When Elon Musk bought Twitter for $44 billion in October 2022, he promised to stick up a middle finger to propriety. He ran roughshod over the platform, pulling hosting servers while they were still operational and ultimately firing about 80% of the company’s staff. Twitter’s eventual rebrand as X was then positioned by both Musk and his CEO, Linda Yaccarino, as a move toward a radically different app—one that goes beyond social media to also offer messaging, banking, shopping, and much more.
But 16 months later, a number of the changes Musk initially enacted have been unwound or reversed, as reality has hit the billionaire’s “idealistic” vision.
Some of those changes are small: In mid-2023, Musk dithered over making dark mode the default and sole color palette on X, before deciding to ditch the plan entirely. He’s also restored headlines to links posted on the platform, an about-face from a few months prior, when he claimed scrubbing that information would improve the app’s aesthetics.
Other changes have been more significant. In late January, ahead of an appearance by Yaccarino in front of the U.S. Senate, the company announced it would be hiring 100 content moderators to staff a new “Trust and Safety center of excellence” based in Austin, Texas. The 100 staff are a small fraction of the number fired in the immediate aftermath of Musk’s takeover of Twitter—when entire content moderation teams were gutted within days.

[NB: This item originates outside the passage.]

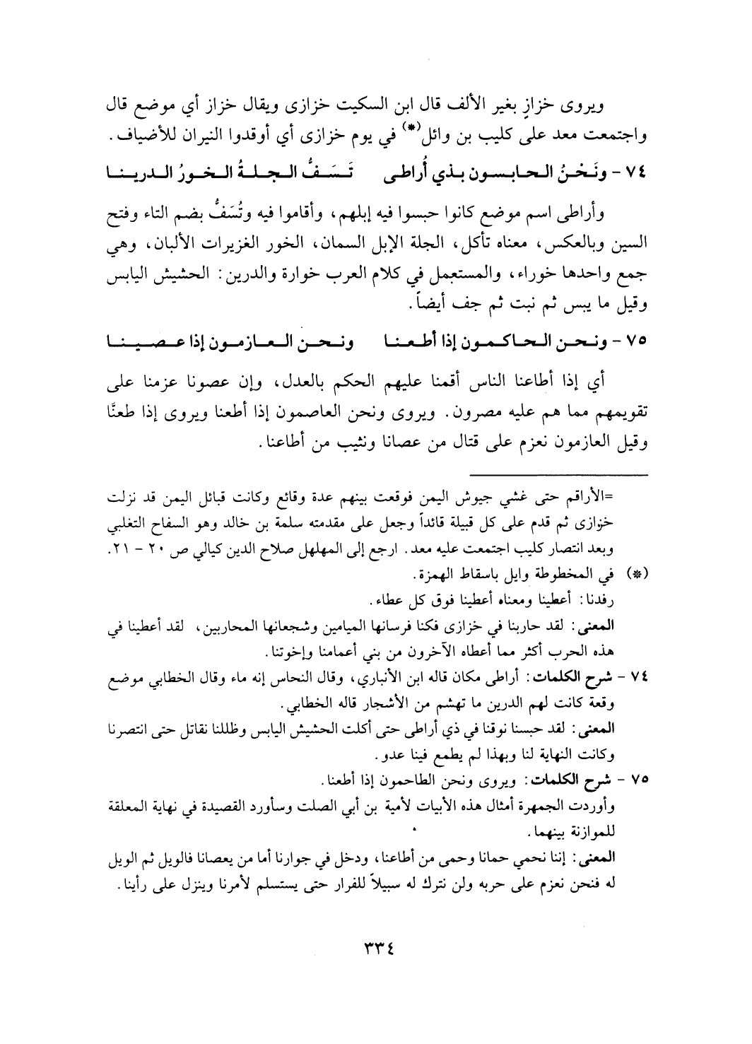 وأراطي اسم موضع كانوا حبسوا فيه إبلهم، وأقاموا فيه وتسف بضم التاء وفتح السين وبالعكس، معناه تأكل، الجلة الإبل السمان، الخور الغزيرات الألبان، وهي جمع واحدها خوراء، والمستعمل في كلام العرب خوارة والدرين: الحشيش اليابس وقيل ما يبس ثم نبت ثم جف أيضا.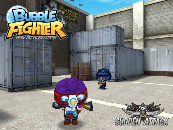 또 서든어택에 등장하는 각종 총기와 경찰특공대 S.W.A.T(스와트) 및 테러 의상 아이템을 버블파이터 내에 구현해 이색적인 재미요소를 대폭 강화했다.

But it’s a start, and an acknowledgment that X is, inch by inch, becoming more like old-school Twitter than Musk first envisaged.
X did not immediately respond to a request for comment, but former staffers are unsurprised by the rollback of some of Musk’s initial changes. “There does appear to be a way to run a service, and even in pure spite, Elon can’t escape that,” says one former Twitter content moderation staffer, who spoke on the condition of anonymity.
The former moderation staffer pointed out that it’s partly market pressure at work and partly the threat of government regulation—it’s notable that the Austin moderation hub was announced just before Yaccarino appeared in front of elected officials—but that it also highlights the gulf between how Musk wants to run things, and what he’s actually able to accomplish. “His idea of innovation is so skewed from how practically things work,” says the former staffer. “It’s an amazing case study for trust and safety, and wider online guidance.”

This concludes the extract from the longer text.